Бесстрашный от отчаяния, по-собачьи влюбленный в него ординарец искал его на ископыченном, испятнанном трупами поле, переползал под приникающим к земле пулеметным огнем, саламандрой, змеей извивался между гнедыми валунами конских крупов, спин, боков и новопреставленными мертвецами, чьи разрубленные и простроченные пулеметом тела от легшей всюду жаркой пыли перестали кровоточить, елозил в этом черно-буром студне, кусал траву и землю, пропитанную кровью и мочою издыхающих животных, и плакал как ребенок от неспособности признать, что командир его и вправду оказался смертным. Он нашел его в крутобережной теклине, ниспадающей в балку, — на губах пузырилась кровавая пена, а только ворохнул, как изо рта толчками начала выплевываться кровь. Не чуя трясущихся рук, повернул его на бок, нашел ощупкой рану на промокшей, как от ливня, гимнастерке, порвал исподнюю рубашку на себе, перевязал как мог и поволок. Последней жильной мочью, обваливаясь на спину и ноя сквозь стиснутые зубы от тоски бессилия, тянул его по этой расширявшейся теклине, словно огромного ребенка из утробы самой праматери-войны.
Ординарца звали Мишка Жегаленок — рожак с Гремучего, комкоров хуторной, уцелевший из горстки тех первых, что пошли за Романом Семенычем воевать за мужицкую землю и волю.
Тараня тендером разбитые вагоны, зверино-воющими, гневными гудками загоняя в тупики даже самые срочные грузовые составы и людские теплушечные эшелоны, за полсуток покрыл перегон до Саратова экстренный поезд. Весь путь ординарцы, сменяя затекшие руки, держали раненого на весу, чтобы не вытрясти из тела клокочущие в нем, как в казане, последние, наружу рвущиеся силы.
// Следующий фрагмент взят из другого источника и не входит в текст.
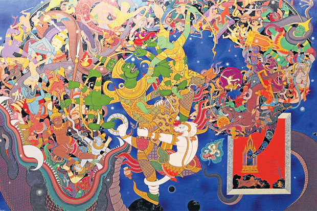 “นอกจากชุดเทพต่างๆ แล้ว ผลงานขนาดใหญ่ขึ้นมาหน่อยจะเป็นเทพรบกับมาร เพราะผมจินตนาการว่าในใจเรามีสองขั้ว จิตฝ่ายสูงและจิตฝ่ายต่ำคอยสู้รบกันตลอดเวลา ส่งผลให้เราทำดีหรือทำชั่ว ใช้เทพมารเป็นสัญลักษณ์การต่อสู้ในจิตใจของมนุษย์ แต่ผมชอบเขียนมารตัวใหญ่ๆ มีพละกำลังเยอะๆ ให้ดูเหมือนว่ามันมีอำนาจมากกว่า มีอิทธิพลกับมนุษย์มากกว่า แต่ถึงยังไงคนเราก็มีจิตฝ่ายดีอยู่ในตัวทุกคน ทุกคนจะมีธาตุพุทธะอยู่ในตัว อยู่ที่ว่าจะหลบซ่อนอยู่มุมไหน ชั่วขนาดไหนก็ยังมีสามัญสำนึกที่ดีอยู่ ทำชั่วเพราะโดนมารลวงมารหลอก แต่ถ้าเราใช้จิตฝ่ายดีต่อสู้จนชนะจิตฝ่ายชั่วได้ คือถ้าเราคิดดีทำดีก็จะมีเทพคอยปกป้อง คอยหนุน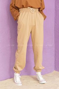 Lamelif Çıma Detaylı Eşofman Altı Taş Rengi

Знаменитому Спасокукоцкому и всему персоналу было разъяснено, что это тот самый комкор Леденев — любимый герой и вождь красной конницы, — и надобно вложиться всем своим искусственным дыханием и физиологическим раствором, чтоб сохранить вот эту жизнь для революции.
Профессор, наломавший руку еще на раненых в Германскую, делал все, что умел как никто, — не из страха и благоговения, а из соображений своего ремесла, для которого был предназначен, как легавый кобель для охоты, а его пациент для войны. Он видел под собой не историческую личность, даже не человека, а только поле операции, протертое спиртом, бензином и йодом, — разрезанные кожу, мышцы, фасции, обнаженные желтые ребра с глубокими трещинами и дымчатое легкое с тяжелым сгустком крови в плевре, уродливо запавшее, придавленное легкое здорового и сильного тридцатилетнего мужчины, которому еще бы четверть века ничто не угрожало из «естественных причин», и велика была возможность умереть глубоким стариком, когда б не свинцовая пуля, вошедшая под правую лопатку.
Да и сам для себя этот вот человек был никаким не Леденевым, командующим 1-м Железным конным корпусом, обороняющим от Врангеля Царицын, а сплошным чувством боли и глухонемого удушья. Он еще чувствовал и даже будто слышал происходящее вокруг, но был на той последней грани, когда уже не помнишь своего предназначения и даже имени, когда человек опускается почти до самоощущения животного, которое не хочет умирать.